Doses of the clotting factors and other substances used in the treatment of hemophilia are expensive. Wilkes’ son used most of a $1 million group plan lifetime maximum, then used up a state plan’s $1 million lifetime maximum.

“Our family is now covered by a high-deductible health plan with a $6 million cap, premiums of roughly $10,000 per year, and an annual deductible of $6,000,” Wilkes testified at a hearing on the underinsured.”It is only a matter of a few years before we reach the end of that road and have to change course once again.”

Members of Congress responded to the stories they heard from witnesses such as Wilkes, and from their own constituents, and wrote bills that banned lifetime benefits maximums. When the Republicans drafted a proposal of their own, one of the ideas they kept from Democratic proposals was a ban on lifetime maximums.

The final version of the Affordable Care Act will ban lifetime maximums starting with plan years beginning on or after Sept. 23. The minimum annual maximum will be $750,000. That amount will increase to $1.25 million one year later and to $2 million two years later, and then annual maximums must go away Jan. 1, 2014.

For now, the health reinsurers that serve health insurers and the stop-loss carriers that serve self-funded employers are competing fiercely for employers’ business and promoting the availability of high annual limits and lack of lifetime limits.

Soon after the Affordable Care Act passed, many stop-loss providers said they would offer stop-loss coverage with no lifetime maximums and high annual maximums.
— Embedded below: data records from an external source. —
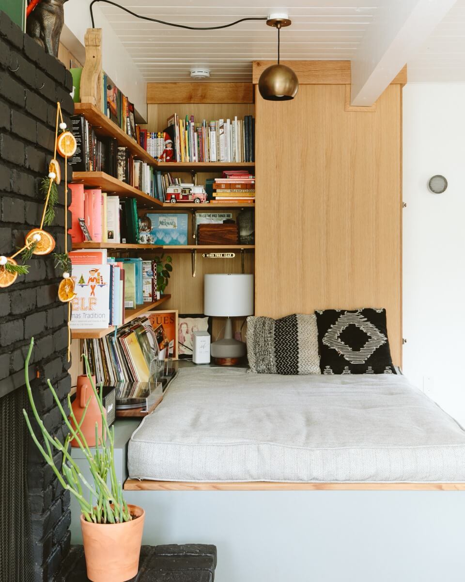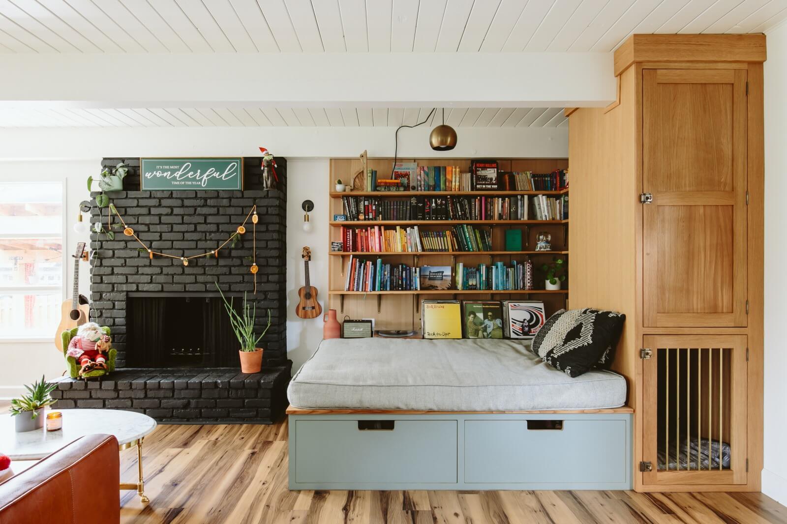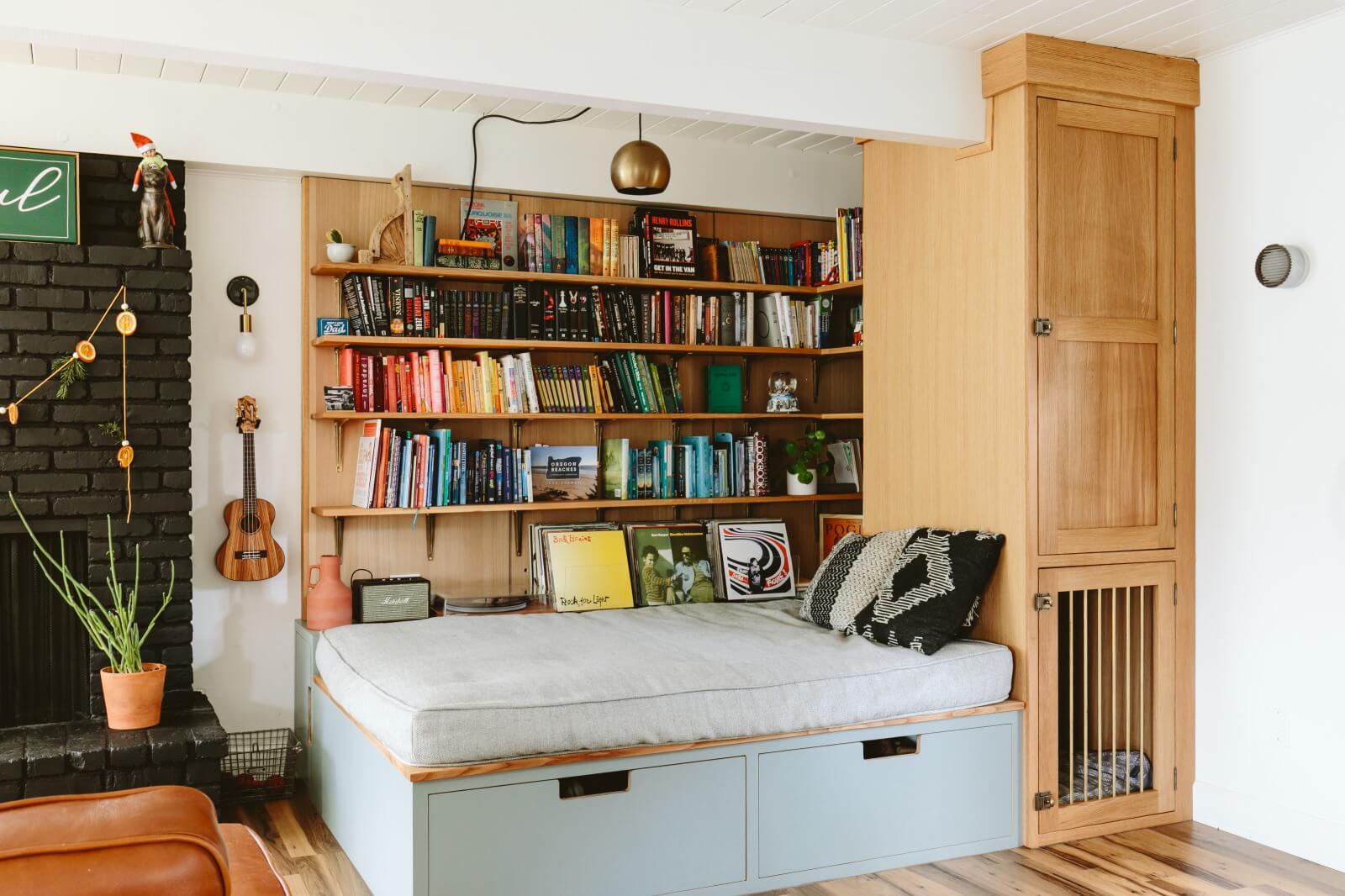 We decided to repurpose an underutilized corner of our living area into a custom library nook. This inviting space features sturdy shelves that hold our family’s collection of books, making it a perfect spot for reading and relaxation. A custom-made futon serves dual purposes, providing a cozy seating area by day and converting into a full-size guest bed for visitors. Above an extra-long dog cage, we incorporated storage for coats, ensuring everything has its place. Additionally, two 5-foot deep drawers were added to neatly house all our shoes, keeping the area organized and functional. The result is a beautifully designed library nook that perfectly balances style and practicality for our busy family.
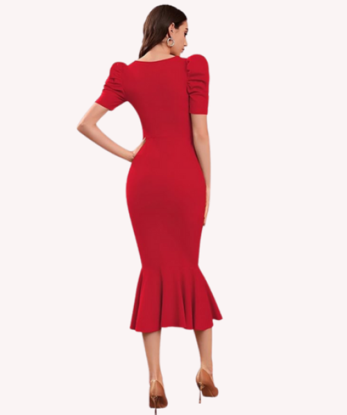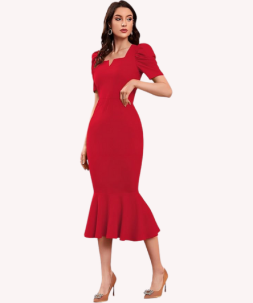 - ✅ PATTERN: Solid/Plain | Closure: Pull On | Type: Bodycon One Piece | Neckline: Notch Neck | Sleeve Type: Puff Sleeve | Sleeve length: Half Sleeve | Waist line: High Waist | Hem Shaped: Round long.
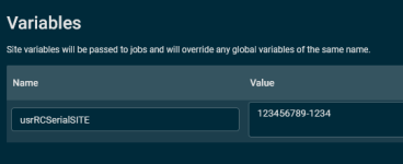 - Scroll down to the Variables section and set the Name field to usrRCSerialSITE. Then paste the license key copied in Step 2 in the Value field.

But players in the stop-loss industry and the employee benefits market are wondering what will happen in the future. “How many folks magically get cured at their plan maximum?” asks Sam Fleet, president of AmWINS Group Benefits, Warwick, R.I.

A typical employer that self insures might make the employee pay a $1,000 deductible, take care of claims between $1,000 and $50,000 in-house, and use stop-loss to handle claims between $50,000 and $1 million. The employer or the stop-loss provider then might arrange to get one or more layers of reinsurance from a reinsurer to take care of excess layers of risk.

Alison Saifer, an actuary, said in June during a stop-loss session organized by the Society of Actuaries (SOA), Schaumburg, Ill., that she has seen estimates indicating that the incidence of $1 million claims increased to about seven per 100,000 lives in 2008, from fewer than two per 100,000 lives per year in 2002.

Many big claims are the result of transplants, cancer, premature birth or blood-clotting disorders.

Milliman Inc., Seattle, reported in 2008 that hospitals were billing an average of more than $750,000 for 7 of 16 types of transplants. Total national expenditures on all of the procedures combined amounted to an average of less $20 per plan enrollee per quarter – but health plan profits often are less than $10 per enrollee per quarter.

Before the Affordable Care Act came along, many large employers offered coverage without maximums, and stop-loss companies were eager to serve those employers, Fleet says.

The stop-loss market has been soft since the early 2000s, and the Affordable Care Act could help it harden, Fleet says. “Employers that don’t traditionally buy stop-loss coverage may buy it now,” Fleet says.

Joe Berardo, president of MagnaCare L.L.C., Garden City, N.Y., a health plan network company, says that, in the long run, the government will have to help control the underlying cost of medical care, not simply squeeze the health insurers.

Today, “there’s no push down on the provider side at all,” Berardo says.